> Dataset items:

________________________________________

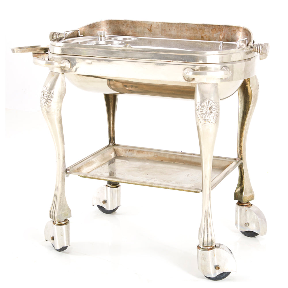 Details: Vintage serving cart on wheels Dimensions: 42" H x 50" W x 24" D Quantity: 1
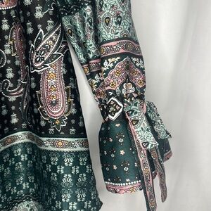 STYLE: BEAUTIFUL OFF THE SHOULDER CHIFFON BLOUSE, PAISLEY LIKE PRINT, VERY RICH COLORS, TIE SLEEVE DETAIL, MAIN COLORS ARE EMERALD AND PINK
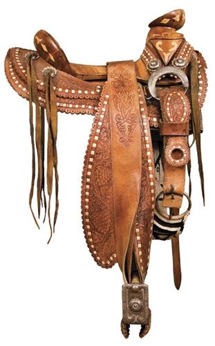 Mexican Saddle. Ornately inlaid wood tree and fine tooled leather. Has silver inlaid stirrups, cinch ring and conchos. circa 1930s. Fine condition. (est $2,000-3,000)
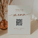 This boho chic bohemian cream QR code wedding menu pedestal sign is perfect for a minimalist wedding. The neutral terracotta burnt orange and cream modern bohemian design features simple rustic calligraphy with a unique yet classic style.
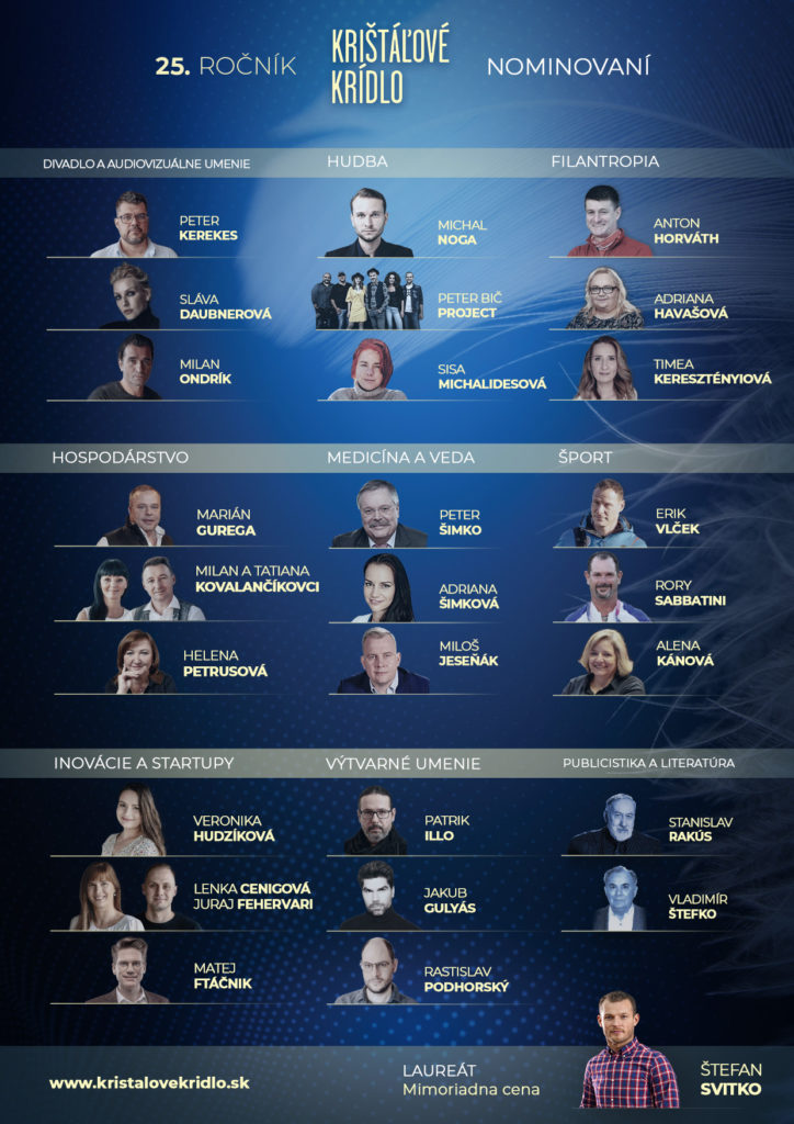 Krištáľové krídlo každoročne oceňuje významné osobnosti Slovenska v oblasti vedy, kultúry, filantropie či športu. Z vyše 140 nominácií za rok 2021, ktoré do odborných diskusií priniesli porotcovia, ale aj široká verejnosť, sa do finálneho výberu v 9 kategóriách dostalo 26 nominácií a jedna Mimoriad...
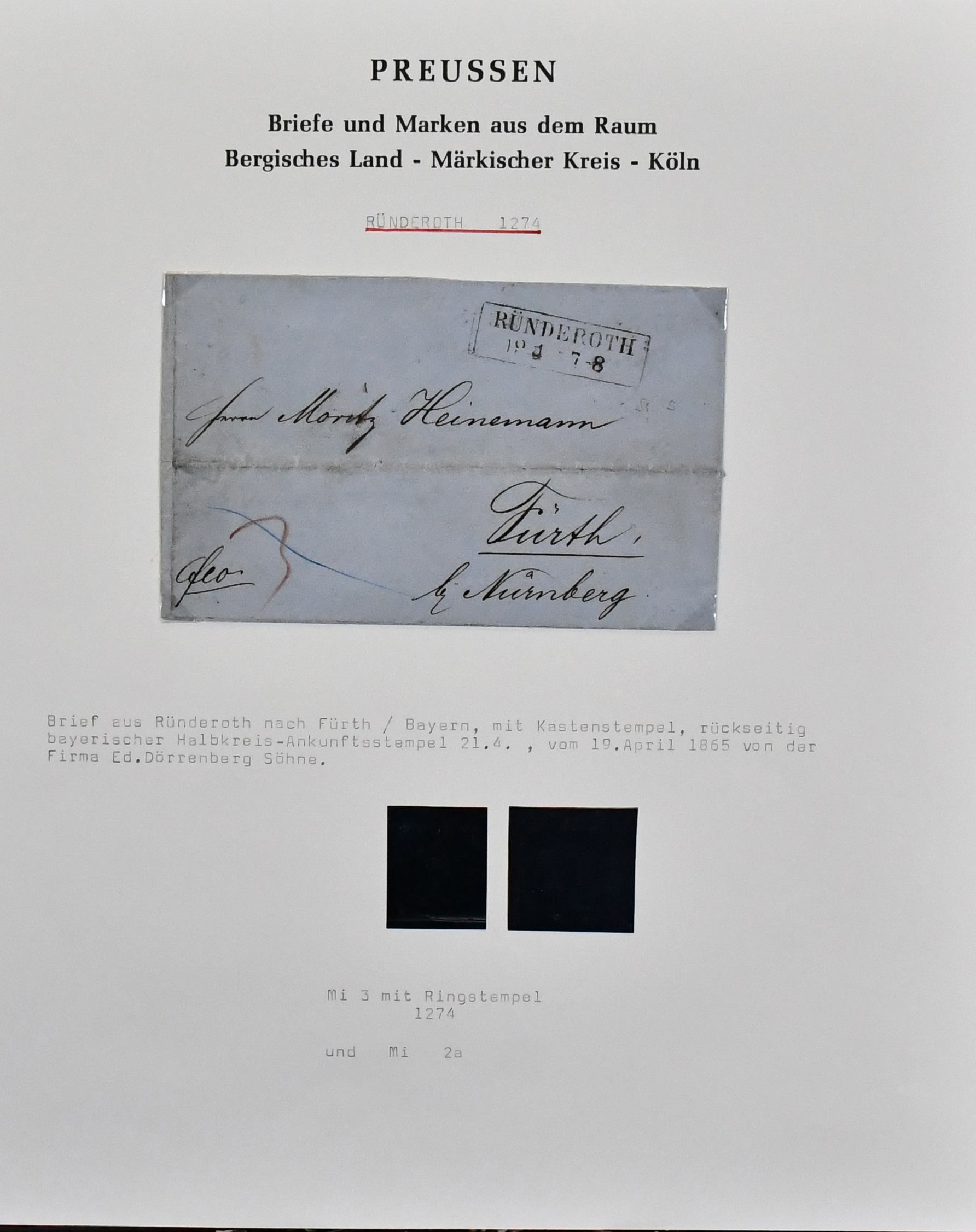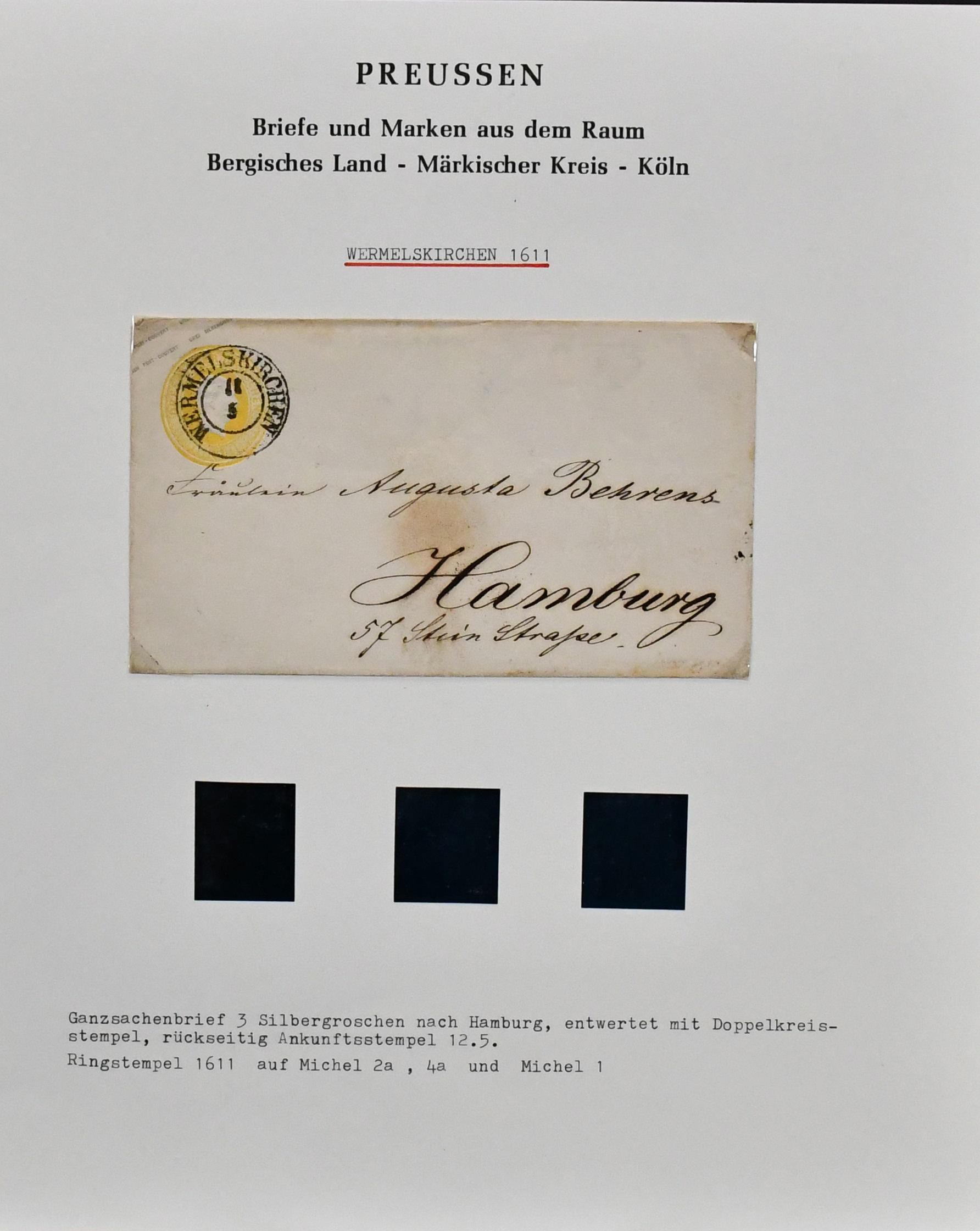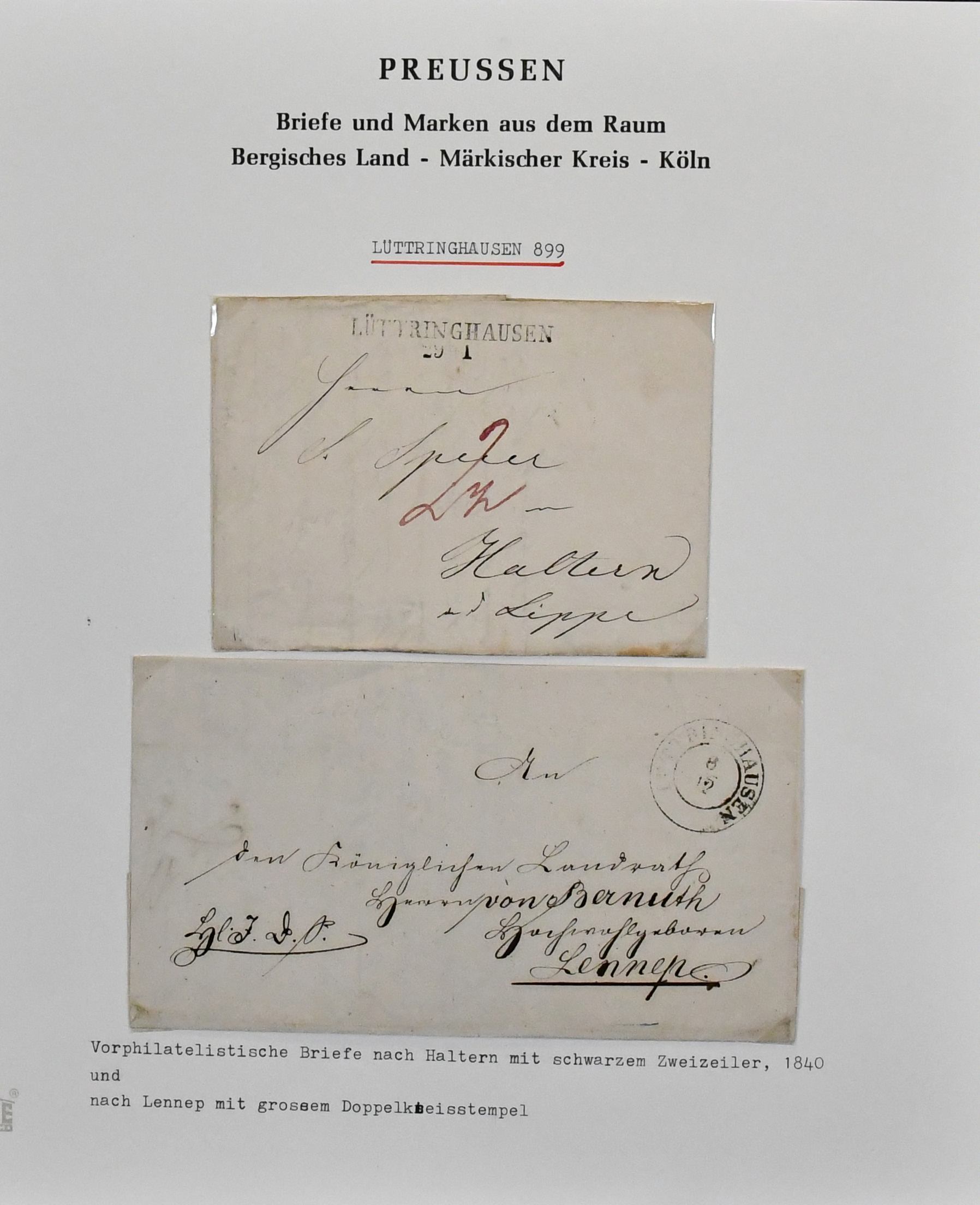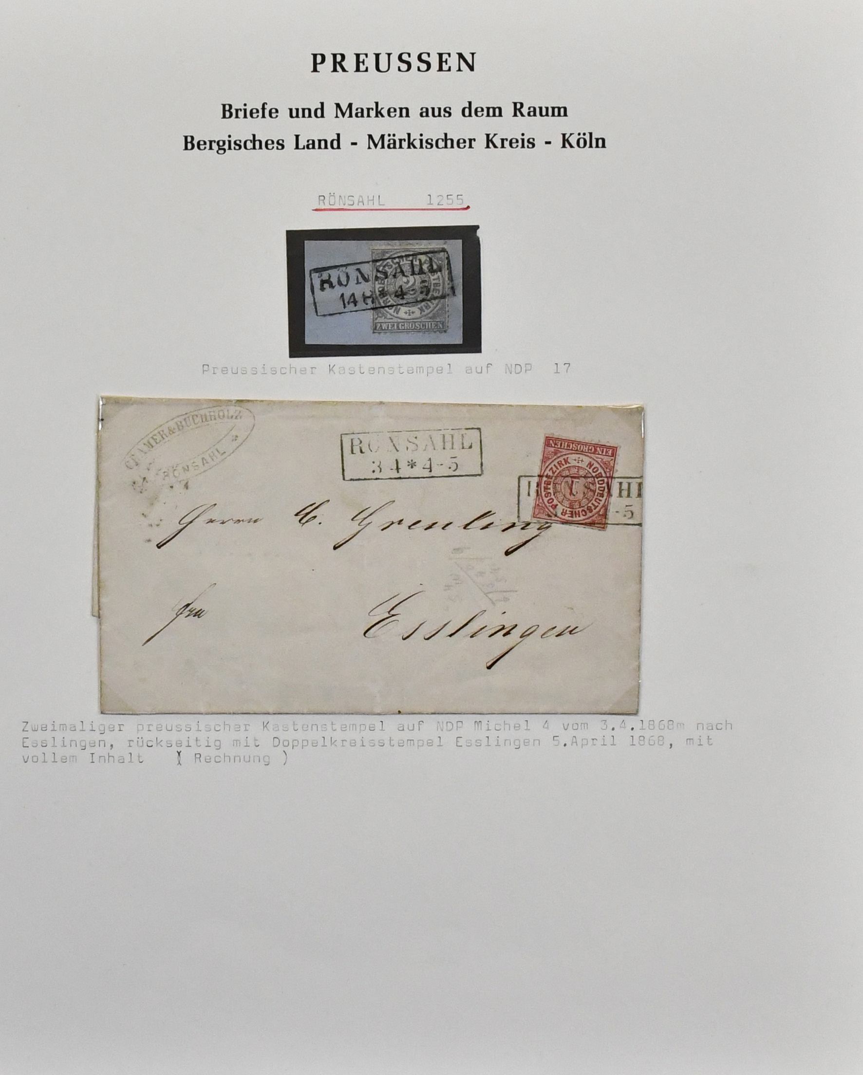 "Bergisches Land/Märkischer Kreis/Umgebung von Köln", Sammlungsteile mit Marken, Briefstücken und alleine 45 Belegen, u.a. NS-Brief von Lüdenscheid, Belege von Lüttringhausen, Nümbrecht, Rönsahl, Gummersbach, Ründeroth (u.a. Brief mit Nr. 15 und zweimal 19a, kl. Mgl.), Wipperfürth, Waldbroel, Wiehl, Wermelskirchen etc.

________________________________________

> Exercise aim: What you give back must match the lines from the start of the records through the line that contains "STYLE: BEAUTIFUL OFF", exactly, with the pictures left out.

> Response to this exercise:
 Details: Vintage serving cart on wheels Dimensions: 42" H x 50" W x 24" D Quantity: 1
 STYLE: BEAUTIFUL OFF THE SHOULDER CHIFFON BLOUSE, PAISLEY LIKE PRINT, VERY RICH COLORS, TIE SLEEVE DETAIL, MAIN COLORS ARE EMERALD AND PINK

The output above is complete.